How many robots does it take to screw in a lightbulb? Just one robot will be needed in the case of a new robotic gripper that has been developed by Engineers at the University of California San Diego.
The gripper designed by engineers at the University of California San Diego can screw in a light bulb--and more. Credit: University of California San Diego
The Engineers have designed and constructed a gripper capable of picking up and manipulating objects without the need for seeing them and training them. The gripper is unique as it brings together three varied capabilities. It has the potential to twist objects besides sensing objects and building models of the objects it is manipulating. This allows the gripper to work in low light and low visibility conditions, for instance.
The engineering team, headed by Michael T. Tolley, a Roboticist at the Jacobs School of Engineering at UC San Diego, presented the gripper at the International Conference on Intelligent Robots and Systems (IROS) September 24
th to 28 th in Vancouver, Canada.
The gripper was tested by Researchers on an industrial Fetch Robotics robot and they also demonstrated that it is capable of picking up, manipulating and modeling an extensive range of objects, from screwdrivers to lightbulbs.
We designed the device to mimic what happens when you reach into your pocket and feel for your keys.
Michael T. Tolley, Roboticist, The Jacobs School of Engineering, UC San Diego
The gripper is available with three fingers. Each finger has three soft flexible pneumatic chambers capable of moving when air pressure is applied. This provides the gripper more than one degree of freedom, thus it can in fact manipulate the objects it is holding. For instance, the screw in lightbulbs, gripper can turn screwdrivers and also hold pieces of paper, because of this design.
Additionally, each finger is covered with a smart, sensing skin. The skin is produced from silicone rubber, where sensors developed from conducting carbon nanotubes are embedded. This is followed by rolling and sealing the sheets of rubber, which are then slipped onto the flexible fingers in order to cover them like skin.
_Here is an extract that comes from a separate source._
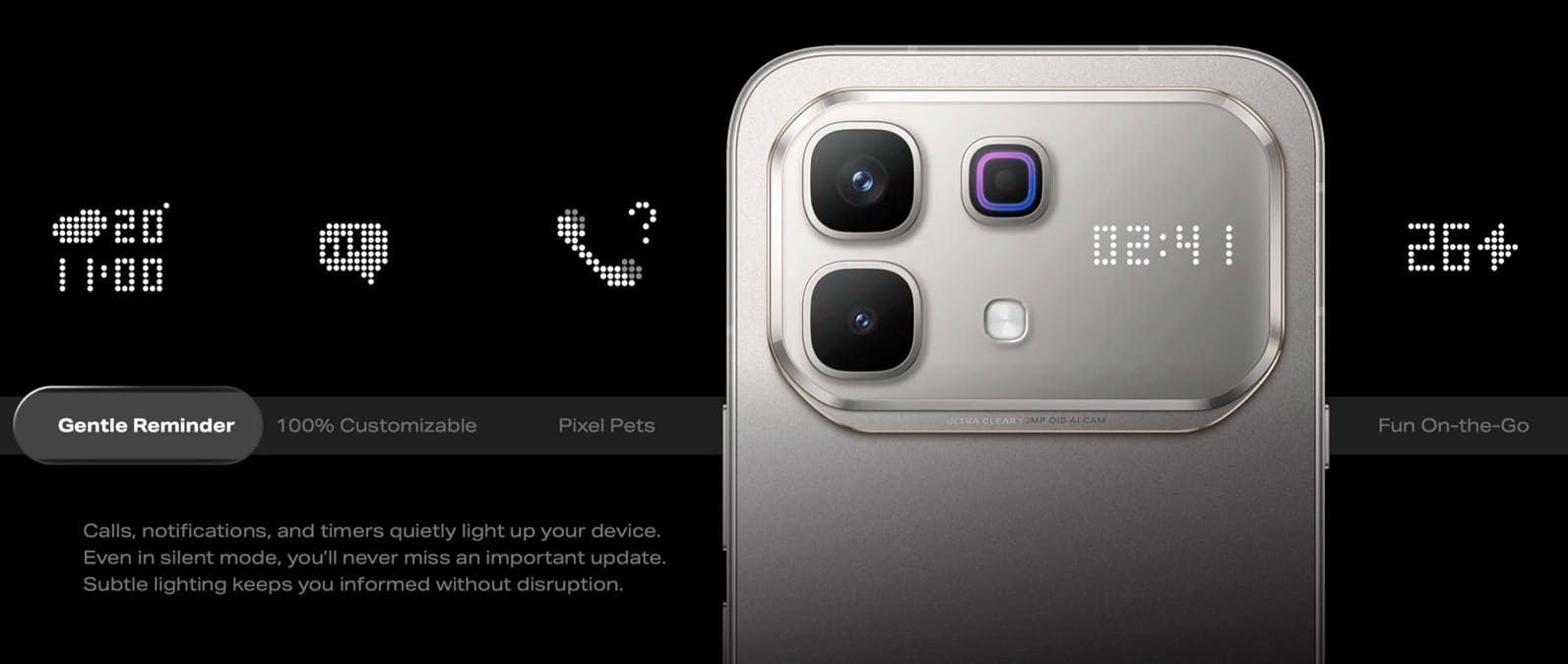 Entre las novedades destaca un botón de acción programable, capaz de activar un asistente de IA, abrir la cámara u otras funciones configurables por el usuario. Además, el módulo trasero integra una pantalla de matriz de puntos, que puede mostrar notificaciones entrantes, la hora o incluso una mascota virtual, aportando un componente visual distintivo.

The conductivity of the nanotubes differs as the fingers flex, which permits the sensing skin to record and then detect when the fingers are moving and coming into contact with an object. The data the sensors produce are transmitted to a control board, which brings the information together in order to develop a 3D model of the object the gripper is manipulating. It is a process similar to a CT scan, where 2D image slices add up to a 3D picture.
Tolley stated that the breakthroughs were achieved because of the team’s diverse expertise and their experience in the fields of soft robotics and manufacturing.
Future steps include adding machine learning and artificial intelligence to data processing such that the gripper will in fact be able to recognize the objects it is manipulating, instead of just modeling them. Researchers also are exploring using 3D printing for the gripper’s fingers in order to make them more durable.
The Office of Naval Research grant number N000141712062, the UC San Diego Frontiers of Innovation Scholars Program (FISP) and the National Science Foundation Graduate Research Fellowship Grant No. DGE-1144086 supported this work.